Although the Portuguese army had little trouble in stopping the spread
of hostilities, it could not stop the dissemination of news about Maria's War
to the nationalist forces that were increasing in number rapidly throughout
the country. Even while the little war was in progress in Malange, another
blow against the colonialists was delivered in Luanda where a large group of
unemployed slumdwellers attacked the Sao Paulo prison hoping to free political
prisoners who were being held there. The attackers, armed only with knives and
clubs, failed to release any prisoners, but seven Portuguese policemen were
reportedly killed as were many more of the rebels. Rioting between blacks and
whites broke out next day after the funeral of the policemen, and when
another attack on a Luanda prison a few days later again caused police
casualties, the authorities once again responded with great force. In the
words of John A. Marcum, an American who chronicled the Angolan revolution in
a two-volume study, "Portuguese vengeance was awesome."
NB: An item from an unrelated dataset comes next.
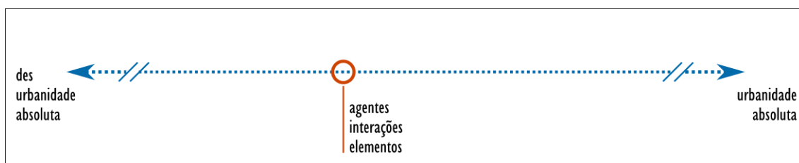
Figura 1: O Continuum da Urbanidade.

A condição de urbanidade emerge da interação entre os agentes locais em face aos elementos presentes em cada contexto urbano na presença, ou ausência, de eventos efêmeros ou cotidianos. Urbanidade é um valor sempre positivo? Como efeito de lugar, a urbanidade possui nuances qualitativas, mas não gradações passíveis de serem medidas por algum meio sensível. Para ilustrar esse fato, imaginemos um diagrama composto por um segmento, não graduado, no qual seja possível identificar no intervalo entre suas extremidades uma condição de urbanidade direita e esquerda, contêm, respectivamente, a urbanidade absoluta e a desurbanidade absoluta. Este segmento é interrompido, próximo a cada extremidade, de modo que não é possível em nenhum momento se alcançar os valores absolutos, por mais próximo que estejam os índices das variáveis de urbanidade. A figura 1 é a representação gráfica deste diagrama.

Heavy censorship prevented foreigners from learning the full extent of
the massacre that followed the Luanda prison attacks but, according to
missionaries and newsmen who were in Luanda at the time, indiscriminate
killing took several hundred lives as white vigilante groups roamed through
the Luanda slums attacking Africans. Although there was some disagreement
about who organized the original attack on Sao Paulo prison, the MPLA took
the credit and in later years commemorated February 4, 1961, as the date on
which their war for independence began.
Maria's War had occurred in a remote area and was hardly noticed outside
Angola but, despite censorship, the Luanda troubles could not be hushed up,
and enough attention was focused on the Portuguese colony to warrant the
discussion of these events in the United Nations (UN) Security Council. But
even as Luanda was being discussed, the third uprising of early 1961 occurred,
which for sheer ferocity overshadowed everything that had happened during
Maria's War or the prison attacks. In the northern part of the colony,
peoples of the Kongo ethnic group, assembled under the banners of the UPA,
attacked government installations, farms, and trading posts, killing
Portuguese men, women, and children indiscriminately. Killed also in the orgy
of violence were mesticos and assimilados as well as many contract laborers of
the Ovimbundu ethnic group who had been brought north to work on the coffee
plantations. The latter killings evoked charges of tribalism that would haunt
the opposing Angolan factions throughout the wars of independence and on into
the postindependence civil wars. Roberto, leader of the UPA, was in New York
at the UN hearings at the time of the attack and later decried the extreme
violence but attributed it to the "centuries of Portuguese brutality against
the Africans."
The government threw its full weight against the rebels in the north
and with a 9,000-man army (including 6,000 African auxiliaries) armed with
modern weapons and supported by bombers plus units of the settlers' militia
bent on vengeance, the response was terrifying. An estimated 20,000 Africans
were killed during the six months after the UPA uprising. In Lisbon, Salazar
reacted to the events of March 1961 by firing his defense minister, personally
taking over that portfolio, and ordering 10,000 additional European Portuguese
troops to Angola. The guerrilla fighting, which later became known as the War
for Independence, was under way. The government forces were able to bring the
situation under control, but they were not able to eliminate the dissident
organizations nor end the widespread guerrilla attacks. By the end of 1962 the
situation had been stabilized enough so that Salazar gave up personal
direction of the defense department and appointed armed forces chief of
staff, General Manuel Gomes de Araujo, to the position.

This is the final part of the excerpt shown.